MIMBAR BEBAS : Menantang Calon Gubernur Ibu Kota Berdialog di UI

0
552
BEM UI menyuarakan aspirasi mengenai Pilgub DKI Jakarta 2017
BEM UI menyuarakan aspirasi mengenai Pilgub DKI Jakarta 2017

Kamis, 30 Maret 2017 tepatnya pukul 16.45, diadakan Undangan Terbuka Mahasiswa UI untuk Calon Gubernur DKI Jakarta berdialog di UI dalam bentuk mimbar bebas yang dilaksanakan di Pelataran Stasiun UI. 11 BEM Fakultas (BEM FMIPA UI, BEM FT UI, BEM FIB UI, BEM FK UI, BEM FIK UI, BEM FIA UI, BEM FKG UI, BEM FPSI UI, BEM FKM UI, BEM VOKASI, BEM FASILKOM UI) dan BEM UI bersepakat untuk mendeklarasikan tantangan “YUK DISKUSI” kepada kedua calon untuk datang ke UI untuk dapat berdialog bersama mengenai gagasan yang mereka bawa.

“Walaupun UI berada di Depok, sekitar 60% mahasiswa UI merupakan warga DKI Jakarta penting untuk di berikan edukasi politik mengenai pemilihan kepala daerah sehingga mengerti apa yang dibawa oleh para calon.
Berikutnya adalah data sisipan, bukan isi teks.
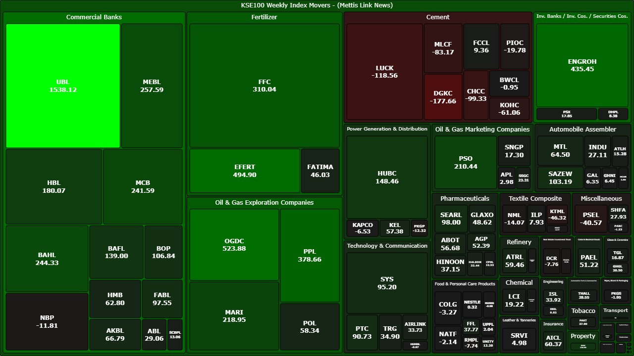 On the downside, selling pressure was concentrated in cement stocks, with DG Khan Cement (DGKC) emerging as the largest laggard, shaving off 178 points, followed by Lucky Cement (LUCK), which dragged the index down by 119 points.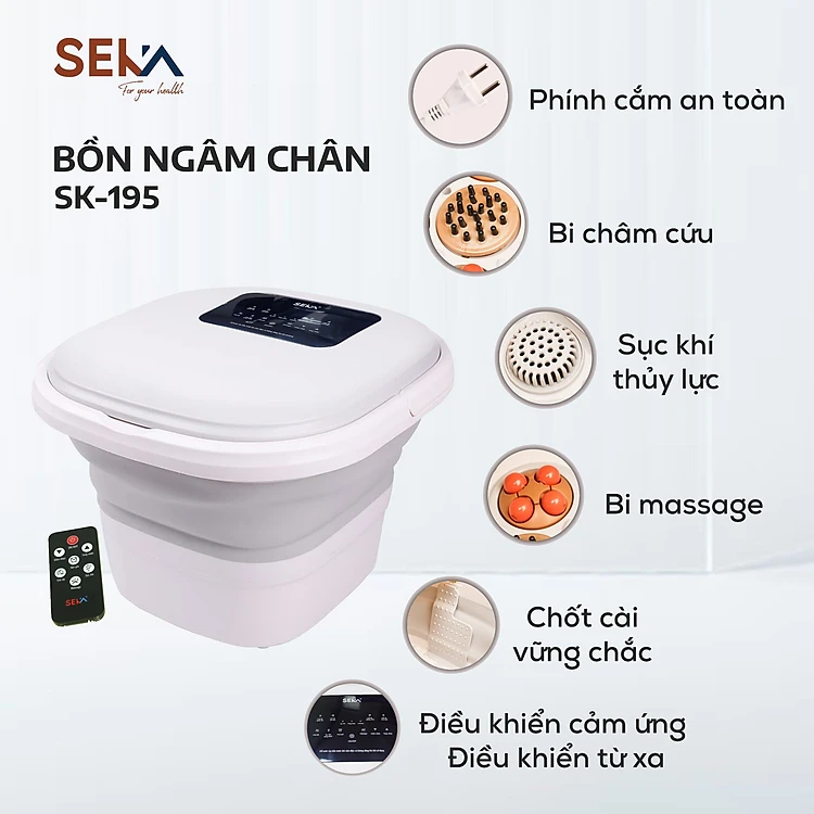 Bồn Ngâm Chân Gấp Gọn SK-195 Con Lăn Tự Động Làm Nóng Và Giữ Ấm Nước, Có Điều Khiển Cầm Tay - Chậu Ngâm

Mimbar bebas ini ditujukan untuk meningkatkan awareness mahasiswa terhadap pilkada dengan mengundang kedua calon tersebut untuk berdialog di UI” Ujar Ketua BEM UI, Mujab mengenai perihal latar belakang diadakannya mimbar bebas tersebut.

Mimbar bebas diawali dengan aksi teatrikal sarkasme kampanye Calon Gubernur DKI Jakarta yang maju ke putaran kedua. Kubu nomor urut 2 dilambangkan dengan kostum ala Tionghoa dan kubu nomor urut 3 dilambangkan dengan kostum ala Muslim. Aksi teatrikal sarkasme ini bukan merupakan ajang untuk mengampanyekan kedua paslon, namun hal  ini diangkat karena isu sara yang meresahkan akhir-akhir ini berpotensi menjadi ancaman dalam proses pemilihan dimana ide dan gagasanlah yang seharusnya dijadikan sebagai indikator.

Aksi teatrikal yang berlangsung selama 10 menit dilanjutkan dengan orasi dari Ketua Departemen Aksi dan Propaganda BEM UI dan perwakilan dari BEM FMIPA, BEM FIA, BEM FASILKOM, BEM FIB, BEM FKM, BEM FT, BEM FIK, BEM UI yang mengajak mahasiswa khususnya mahasiswa yang berasal dari DKI Jakarta untuk peduli terhadap Pilkada DKI Jakarta karena DKI Jakarta yang merupakan wilayah strategis sebagai pusat pemerintahan sehingga perhelatan politik pun memicu perhatian publik yang begitu besar apalagi dengan banyaknya isu-isu hoax dan SARA. Orator menantang kedua paslon untuk berdialog langsung mengenai isu-isu perkotaan terutama masalah hukum, kesehatan dan infrastruktur pada range 7 – 14 April 2017 sebagai bentuk pengawalan mahasiswa terhadap Pilkada DKI Jakarta.

“Mekanisme tahun ini, jika ingin mengatasnamakan BEM se-UI harus semua BEM ikut berpartisipasi, jika ada yang tidak berpartisipasi, harus dirinci satu persatu Tidak ikut sertanya beberapa BEM Fakultas bukan dikarenakan tidak setuju dengan substansinya tetapi dikarenakan tidak concern terhadap pengawalan pilkada Jakarta.” Jawab Ketua BEM UI tentang beberapa BEM yang tidak ikut berpartisipasi dalam mimbar bebas sehingga tidak mengatasnamakan BEM se-UI.

Dialog langsung antara dua paslon gubernur DKI Jakarta bukan merupakan ajang kampanye dan tidak akan ada unsur debat didalamnya karena tujuan utama dari dialog langsung tersebut adalah memberikan edukasi politik kepada mahasiswa sebagai pemilih pemula tercerdaskan mengenai pilkada tanpa terbawa isu-isu yang meresahkan.